JE38: Finite-Difference Schemes for Advection-Diffusion

Note

A description of the advection-diffusion equation, its properties and an overview on how to construct finite-difference methods to solve it is given in my class notes for AST560. Please see this link.

The complete code for the solver is in two files. Each individual simulation driver below is in its own C file. To build the code and the simulation driver download this zip file and type “make” in your terminal. Of course, for this to work you must have Gkyell installed. You do not need the complete Gkeyll source, just the core library. For building Gkeyll please see instructions on the Github page.

Introduction

The advection-diffusion equation is a fundamental equation that describes the transport of a scalar field \(f(\mathbf{x},t)\) in a given flow-field. We can write this as

\[\frac{\partial f}{\partial t} + \nabla \cdot (\mathbf{u}f) = \nabla \cdot (\alpha \nabla f )\]

Here \(f(\mathbf{x},t)\) is a scalar quantity, \(\mathbf{u}(\mathbf{x},t)\) and \(\alpha(\mathbf{x},t)\) are the (given) advection velocity and diffusion coefficient respectively. In many situations of interest the diffusion coefficient must be replaced by a diffusion tensor (a \(3\times 3\) matrix). This occurs when the diffusion is anisotropic, for example, due to the introduction of a prefered direction from a magnetic field.

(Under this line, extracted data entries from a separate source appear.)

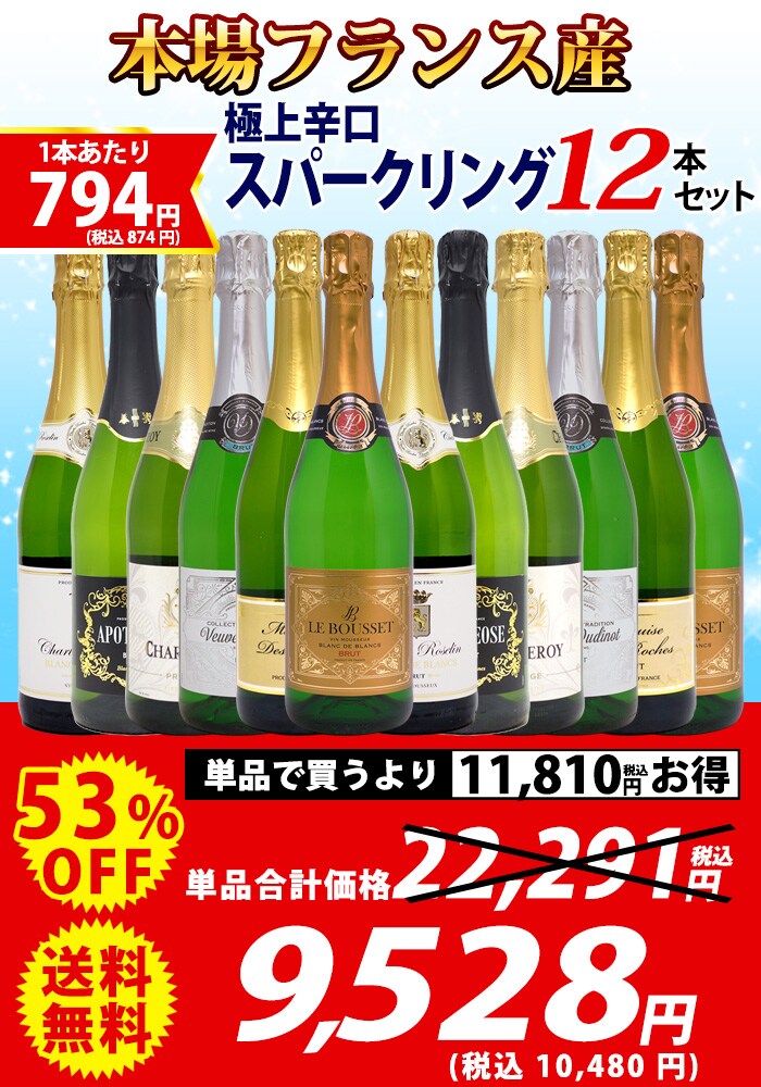 送料無料 ワイン ワインセット 本場フランス産の極上辛口スパークリングワイン12本セット (6種類各2本) ^W0AC78SE^
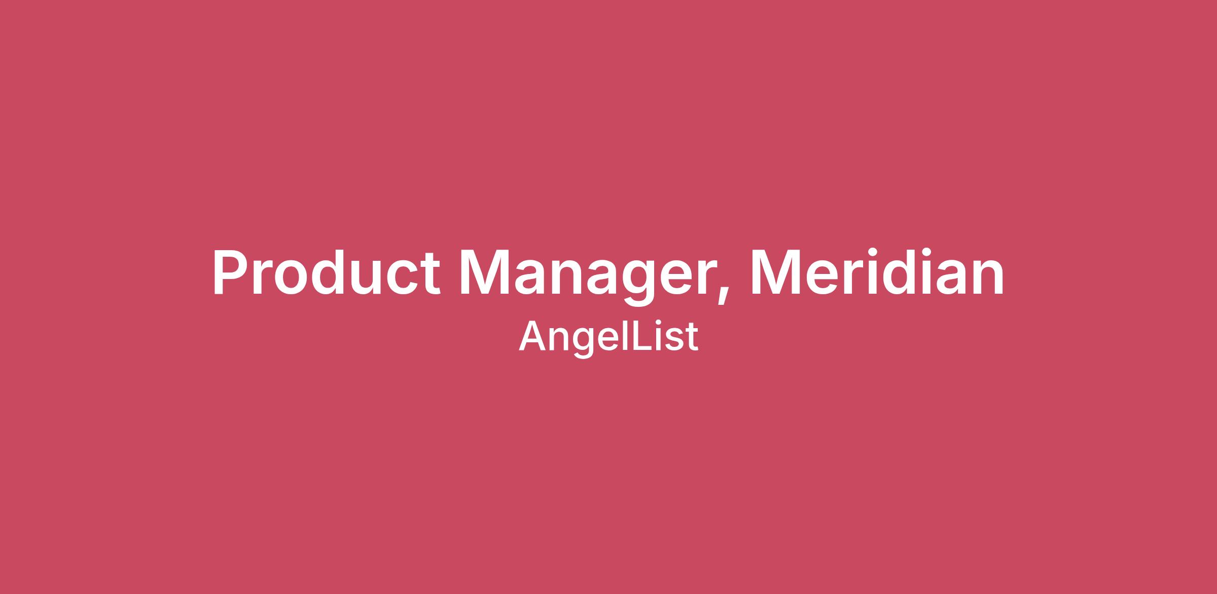 Why Join AngelList We’re solving some of the hardest problems in venture capital and private markets. You’ll work with a team that values precision, urgency, and long-term thinking. If you want to shape how startups are funded and built, this is the place.About AngelListWe exist to accelerate innovation by increasing the number of successful startups in the world. We do this by building the financial infrastructure that makes it easier for more people to invest in world-changing companies.AngelList is the nexus of venture capital and the startup community. We support $171B+ in assets and have powered investments into over 13,000 startups—over 300 of which are unicorns. Today, 57% of top-tier U.S. VC deals involve investors on AngelList. While our scale is large, our ambition is larger.If you're excited to build the future of private markets, come build with us.About the Role:Meridian is AngelList’s wealth platform for private markets. Meridian is building wealth products for the growing class of self-directed investors who want unique and direct access to private markets. Built on more than a decade of AngelList innovation, Meridian extends the platform that already supports founders and fund managers to serve investors now. Meridian is early, and this role presents an opportunity to help shape the next generation of products for private market investing.As a Product Manager on Meridian, you’ll own core investor-facing product areas—from onboarding and investing to portfolio insights and reporting. You’ll work from first principles to define the modern wealth platform for private markets. Your job is to turn customer insights, data, and regulatory constraints into elegant, performant experiences that deepen investor engagement and increase capital deployed.This is a hands-on, early-stage product role with meaningful scope. You’ll partner tightly with engineering, design, compliance, and the GM to ship high-quality product in a fast-moving, regulated environment.You will have the opportunity to:Own major product surfaces across investing and portfolio management, shaping what Meridian becomesBuild new products on top of AngelList infra, with real distribution advantagesTranslate insights and data into sharp, opinionated product decisionsPrioritize ruthlessly and drive clarity in ambiguous problem spacesCollaborate with engineering, design, legal, and operations to scope and sequence effectivelyPartner directly with the GM to influence product strategy and team directionWhat we’re looking for:5+ years of PM experience with full ownership across discovery, launch, and iterationExperience building fintech, private market, or regulated consumer productsStrong product judgment and taste, you know what good looks like and push for it0→1 product experience; comfort with ambiguity, tradeoffs, and limited resourcesFamiliarity with working across legal, compliance, and operational teamsHigh agency and urgency with a bias toward thoughtful executionExcitement about Meridian’s vision and the opportunity to help build a category-defining wealth platformWorking HereIf you don’t meet every requirement above, we still encourage you to apply. We value complementary strengths and operators who learn by doing.AngelList has offices in a few cities, New York City and San Francisco. We have a hybrid in-office model: teammates come in at least 2 days per week (Tuesdays and either Wednesday or Thursday). Exceptions may be made for exceptional individual contributor candidates in other locations.Compensation:The compensation for this role consists of a competitive base salary, benefits, and equity package. The base salary for this role is $200,000+ annually but actual will vary based on a number of factors including a candidate’s professional background, experience, and location. Full details about our Total Rewards package will be provided during the recruitment process.Benefits:We support your life both in and outside of work.Explore our benefitsLearn about Funders & FoundersWhat Guides Us:At AngelList, we are united in our purpose to accelerate innovation and build the future of private markets. Our beliefs and values shape what we work on and how we create impact. If the below resonate, we’d love to have you with us.Our beliefsOur values & leadership expectationsAngelList is an equal opportunity employer and we value diversity at our company. We do not discriminate on the basis of race, religion, color, national origin, gender, sexual orientation, age, marital status, veteran status, or disability status.
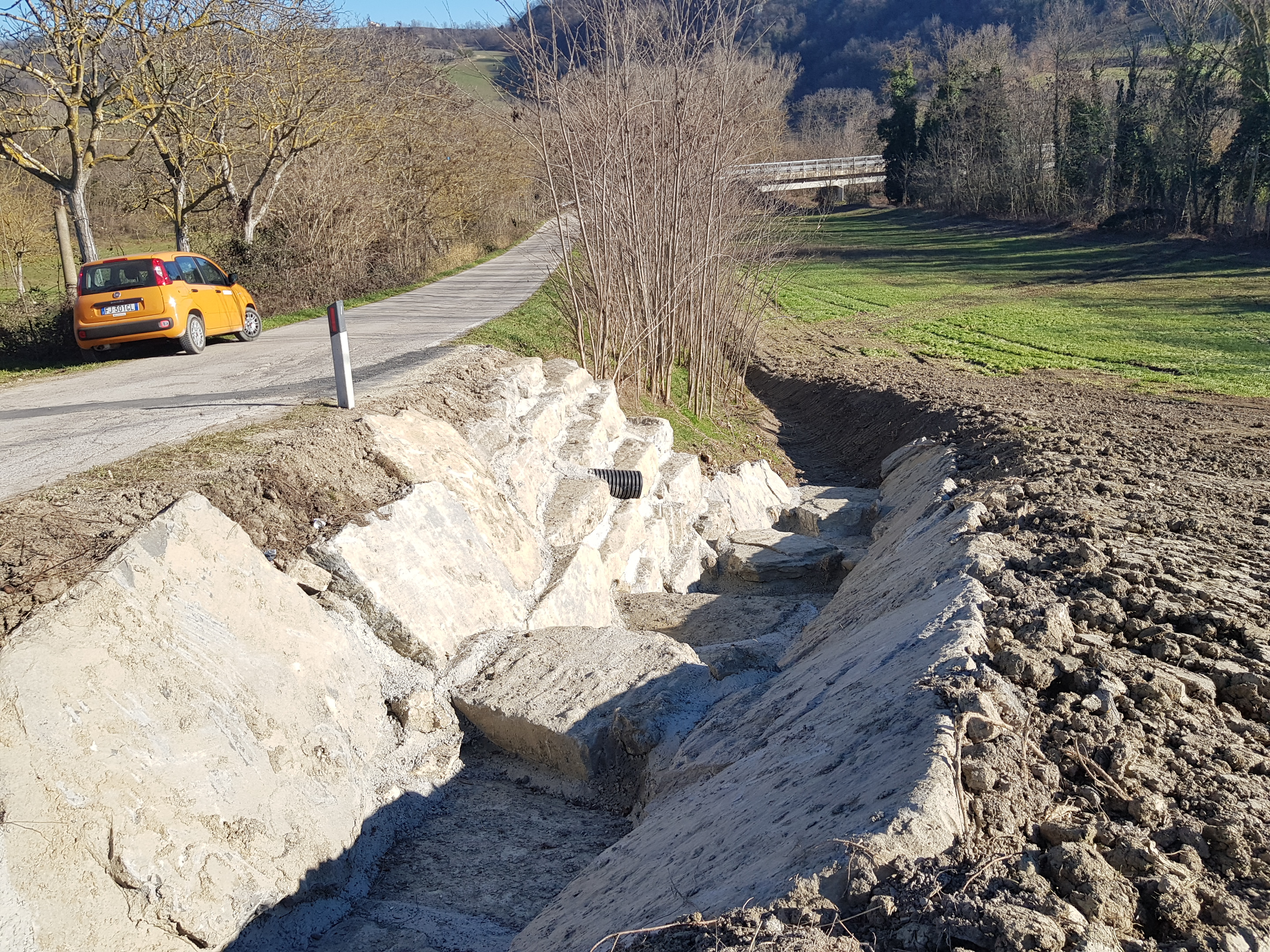 Per mettere l’arteria in sicurezza, si sono svolti lavori che hanno permesso di migliorare la regolazione delle acque superficiali, riprofilando il fosso stradale e sostituendo le tubazioni ammalorate. È stata inoltre consolidata la scarpata di valle che sostiene la banchina, realizzando una scogliera di massi nel tratto caratterizzato dal dissesto.

This equation already contains the key features that arise in more complex systems. In fact, many fundamental kinetic equations are (nonlinear) advection-diffusion equations in phase-space. The nonlinearities arise as, in general, the advection velocity and the diffusion coefficient are functions of \(f\) itself. Here part we will see how to implement a finite-difference solver to evolve \(f(\mathbf{x},t)\) in a given flow-field. We will use this solver to understand the properties of the discrete scheme and to look at some interesting flows, including in phase-space.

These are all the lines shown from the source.